Trajkovski M, Mziaut H, Altkrüger A, Ouwendijk J, Knoch KP, Müller S, Solimena M - J. Cell Biol. (2004)

Bottom Line: Islet cell autoantigen 512 (ICA512)/IA-2 is a receptor tyrosine phosphatase-like protein associated with the insulin secretory granules (SGs) of pancreatic beta-cells.This cleavage occurs at the plasma membrane and generates an ICA512 cytosolic fragment that is targeted to the nucleus, where it binds the E3-SUMO ligase protein inhibitor of activated signal transducer and activator of transcription-y (PIASy) and up-regulates insulin expression.Accordingly, this novel pathway directly links regulated exocytosis of SGs and control of gene expression in beta-cells, whose impaired insulin production and secretion causes diabetes.

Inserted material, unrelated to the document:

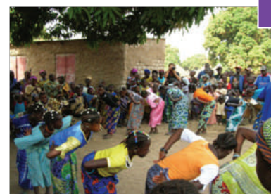
Les activités de concertation sont aussi l'occasion de fêtes populaires

Par ailleurs, cet axe transversal a pour objectif de contribuer au plaidoyer national autour des politiques à développer dans le cadre de ces thématiques. Le PAIDEL CT encourage les témoignages des partenaires et des acteurs régionaux par des rencontres , des voyages d'études , des émissions de radio (près d'une 30 aine pour l'ensemble de l'action), des reportages filmés , des sites-web , etc.
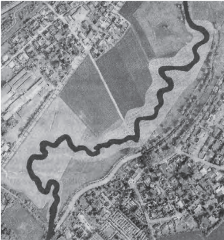
Der Flusslauf der Berkel soll 2017 in die Fürstenwiesen umgelegt werden. der Altarm ist im unteren Bildbereich zu erkennen. Karte: Abwasserwerk der Stadt Coesfeld.

Aber zurück zu den Fürstenwiesen! Hier plant die Stadt eine ökologische Verbesserung des Berkelverlaufs. Die Berkel soll „naturnah“ mitten durch die Fürstenwiesen geführt werden. Dabei soll das alte Bett der Berkel nordöstlich der Fürstenwiesen als „Altarm mit stehendem Gewässercharakter“ erhalten bleiben (vgl. Karte). Gleichzeitig ist vorgesehen, dass der gesamte Bereich der Fürstenwiesen künftig Naherholungscharakter erhalten soll. Das Gebiet würde dann erschlossen durch den bereits erwähnten, von der Osterwickerstraße abgehenden Fuß- und Radweg einerseits und die von der Billerbeckerstraße zur Osterwickerstraße führenden „Verbindungsachse Blumenesch“ andererseits; letztere soll ebenfalls als Fuß-/Radweg ausgestaltet werden und eine Reihe von „Beobachtungspunkten“ erhalten.

View Article: PubMed Central - PubMed

Affiliation: Experimental Diabetology, Carl Gustav Carus Medical School, Dresden University of Technology, Dresden, Germany.

ABSTRACT
Islet cell autoantigen 512 (ICA512)/IA-2 is a receptor tyrosine phosphatase-like protein associated with the insulin secretory granules (SGs) of pancreatic beta-cells. Here, we show that exocytosis of SGs and insertion of ICA512 in the plasma membrane promotes the Ca(2+)-dependent cleavage of ICA512 cytoplasmic domain by mu-calpain. This cleavage occurs at the plasma membrane and generates an ICA512 cytosolic fragment that is targeted to the nucleus, where it binds the E3-SUMO ligase protein inhibitor of activated signal transducer and activator of transcription-y (PIASy) and up-regulates insulin expression. Accordingly, this novel pathway directly links regulated exocytosis of SGs and control of gene expression in beta-cells, whose impaired insulin production and secretion causes diabetes.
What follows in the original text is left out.